Geçmiş fi tarihli zamanın Hicaz Faslından dem
vuran,
Artık köhnemişlerin başrolünü oynamakta olan,
yitik umutlardır;
Teneşirde boylu boyunca uzanan Ege esintili
duyguları gıdıklamakta.
Efes Antik Kentinin fedailiğini yapmakta hüner,
Uzaklardan görünür, sözde savaş tanrısı Ares’in
attığı sivri uçlu oktur,
Apollon’un sırtında taşıdığı saf bembeyaz
kalkanına saplanır.
Didim'deki Apollon Tapınağı’nda, isyan ve ricat
döneminin çanları başlarken,
Olanlardan an be an haberdardır Bergama daki altarında
Zeus.
Zırhlarla kaplı kılıç başlı atına biner ve bir
çırpıda gittiği
Hierapolis antik kentinin hamam kompleksinde,
Venüs’e sırtını keselettirip, Bol köpüklü
sabunlu suda gerinerek şöyle bir rahatlar.

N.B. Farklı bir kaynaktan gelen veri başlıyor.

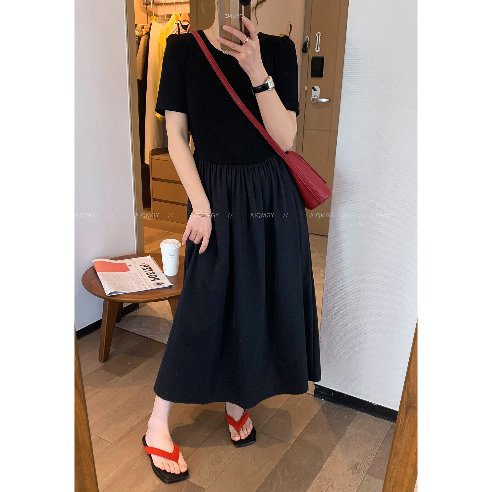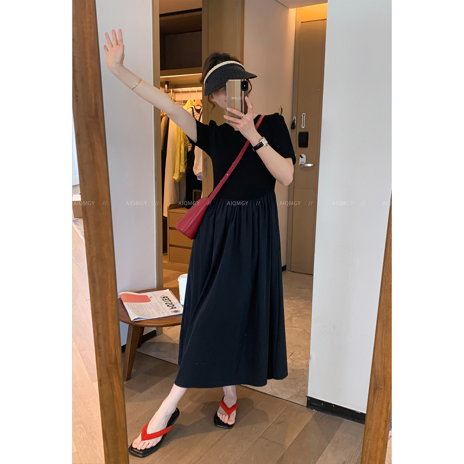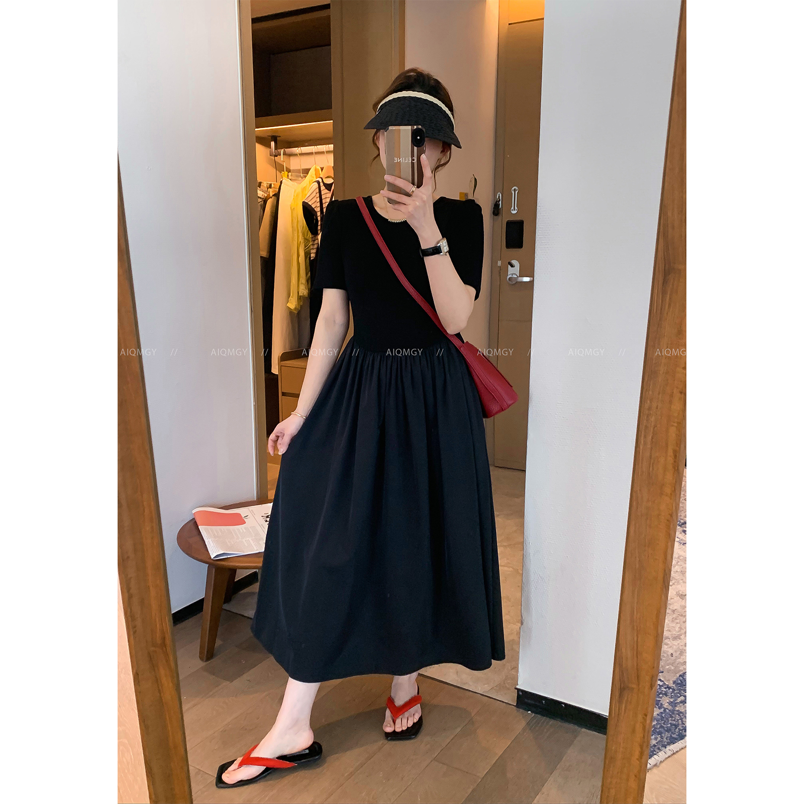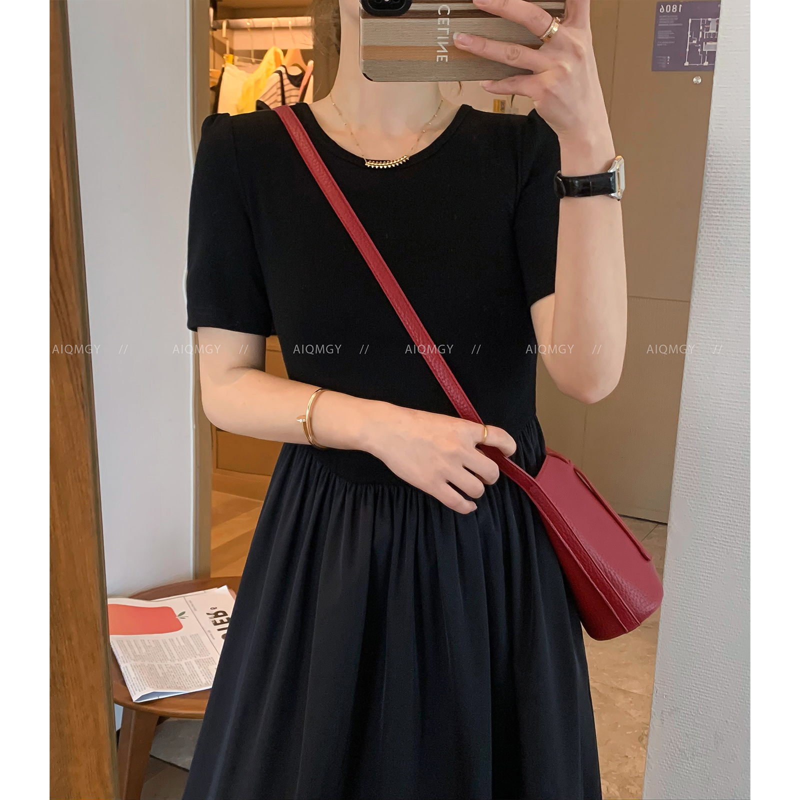 爱情魔鬼鱼 黑色圆领短袖露背连衣裙女2025夏季新款收腰显瘦长裙

Bodrum’daki Halikarnassos’da balık yeme zevkinin
de depreştiğini anlar.
Bu arada Podos da boş durmaz, Thetihis ile
sarmaş dolaş;
Ege Denizinin berrak mavi sularındaki şelalede
emsalsiz duşunu alıp,
Afrodit’e, ha bire attığı“aşk” mesajları ile
haşır neşirken,
Orfe, müzik dünyasının içinde kaybolup, Diyonizos’a
şarap siparişi verir.
Pan ise, uzaklardan bir alaycı gülümseme ile
durumları kolaçan eder.
Hypnos, pür dikkat başlarında dikili
nöbetindedir.
Bir köşede has bel kader sohbete dalmış olan
suskun günbatımı ve hüsran,
Çıkabilecekler mi, üstlerine yıkılacak olan o
muazzam enkazın altından.
Tökezleyerek, kır yolunun yarısında mars olup,
ağlama seansında dümbelek.
Kabak çekirdeklerini, kirli dişlerinde
çıtırtmaktan zevk almaktadır felek.
Zaman aç, akrep-yelkovanlı zarlarını yaşam
tavlasına atmayı zannediyor kar.
Gılgamış Destanı’nı ortadan ikiye ameliyat
etmiş, mort olmuş düşüncelerdir;
Afiyetle sulu sarımsaklı işkembe çorbasını
iştahla kaşıklamaktalar…
(14 Şubat 2017 – 11.Şiir Kitabımdan)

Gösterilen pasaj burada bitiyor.